The Company subsequently entered into two new natural gas swaps by selling
60,000 Mmbtu per month for the period from April 1996 through November 1996 with
one at $1.74 per Mmbtu and a second at $1.88 per Mmbtu. These volumes
represented approximately 65% of Columbus' gas production at the time. To
partially protect itself against possible escalating gas prices for October and
November 1996, the Company purchased NYMEX futures contracts for those two
months for 60,000 Mmbtu of natural gas at $1.805 and $1.875, respectively. The
October call contract was sold for a profit of $37,500 in June 1996 and the
November call option was sold for $4,500 in September 1996. These partially
offset losses from the swaps for those months. For the eight month period, gas
sales revenues were reduced by $560,000 as a result of the swaps because the
market price at settlement exceeded the contract swap price.
Columbus also entered into a swap of crude oil prices by selling 10,000
barrels per month for the twelve month period from January 1996 through December
1996 at an average daily price of $17.25 per barrel with a cap of $19.50 as
upside protection should crude oil futures soar for an unseen reason. This
volume represented approximately 50% of its then current monthly production. The
difference between the hedge price and the actual daily closing price on the
NYMEX was settled monthly. Through November 1996 the swap reduced oil revenues
by $232,000 with another $22,500 deducted for December 1996 because the market
price at settlement exceeded $19.50 per barrel.
67
<PAGE>
COLUMBUS ENERGY CORP.
NOTES TO THE CONSOLIDATED FINANCIAL STATEMENTS - (continued)
Columbus entered into another crude oil swap by selling a strip of 10,000
barrels per month for the twelve month period from November, 1996 through
October, 1997 at an average daily price of $21.17 per barrel. This amount
represents approximately 50% of Columbus' current crude oil production. A loss
of $24,000 was incurred for the month of November 1996. Also, Columbus entered
into a natural gas swap by selling 60,000 Mmbtu per month for the period from
March 1997 through October 1997 at $2.20 per Mmbtu. This volume represents about
20% of Columbus' current natural gas production.

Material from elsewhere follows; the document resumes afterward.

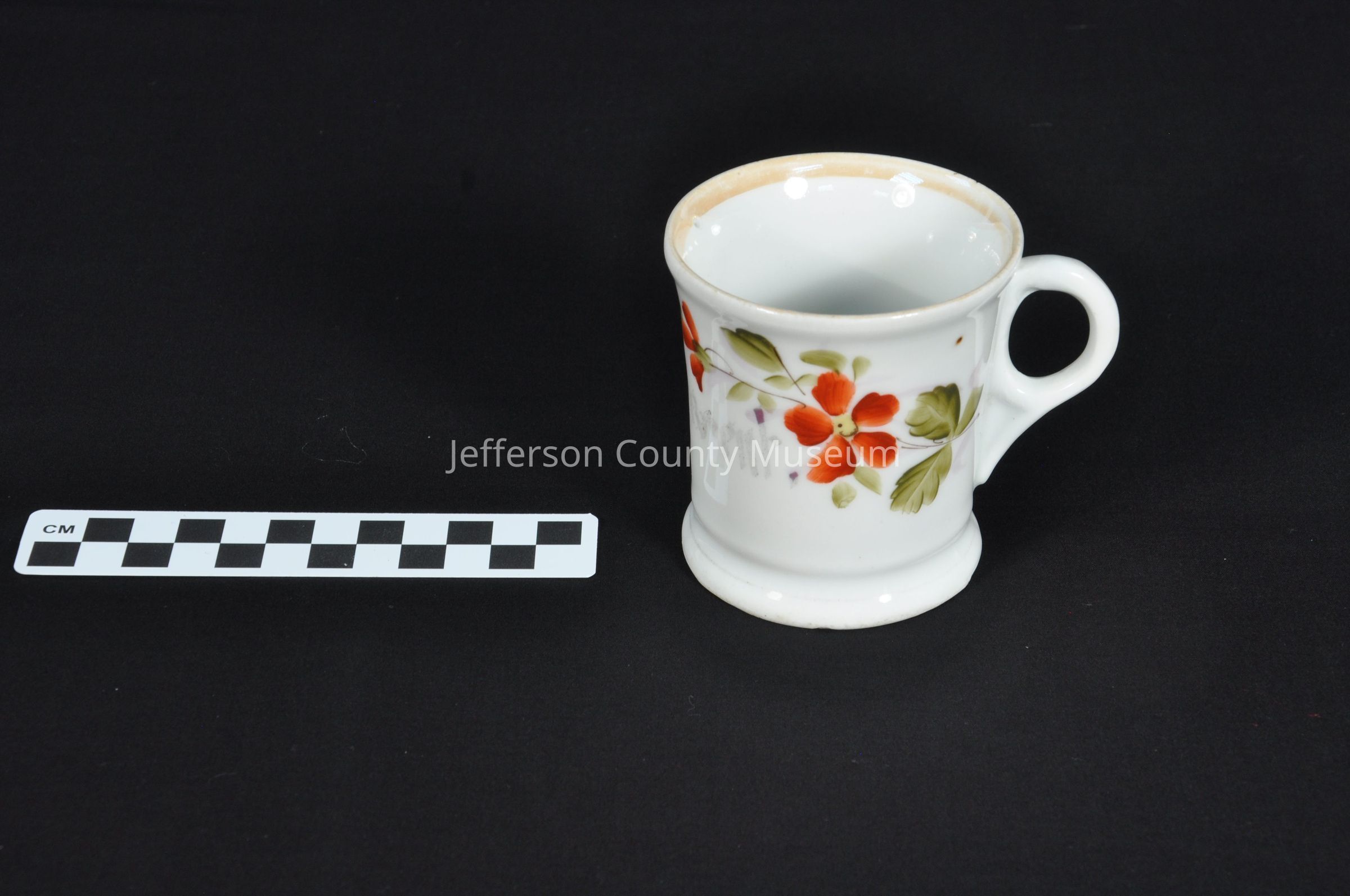 White mug with red floral design and green leaves. Inside rim has darker beige color. Painted under flowers is "A present". On bottom is round mark with "MADE IN GERMANY" inside it.Acquisition

The Company's natural gas and crude oil swaps are considered financial
instruments with off-balance sheet risk which were in the normal course of
business to reduce its exposure to fluctuations in the price of crude oil and
natural gas. Those instruments involve, to varying degrees, elements of market
and credit risk in excess of the amount recognized in the balance sheets. The
Company had natural gas and crude oil swaps outstanding subsequent to November
30, 1996 as follows:
Market or Settled Value
as of
Notional ----------------------
Value 11/30/96 2/7/97
----- -------- ------
Natural gas
(3/97-10/97) $ 1,056,000 $ 988,000 $ 1,110,000
Crude oil
(12/96) 172,500 150,000 150,000
Crude oil
(12/96-10/97) 2,328,700 2,286,000 2,248,000
The litigation expenses in 1995 and 1994 relate to two lawsuits. The first,
Michael Mattalino, Bruce L. Davis and Maris E. Penn vs. Columbus Energy Corp.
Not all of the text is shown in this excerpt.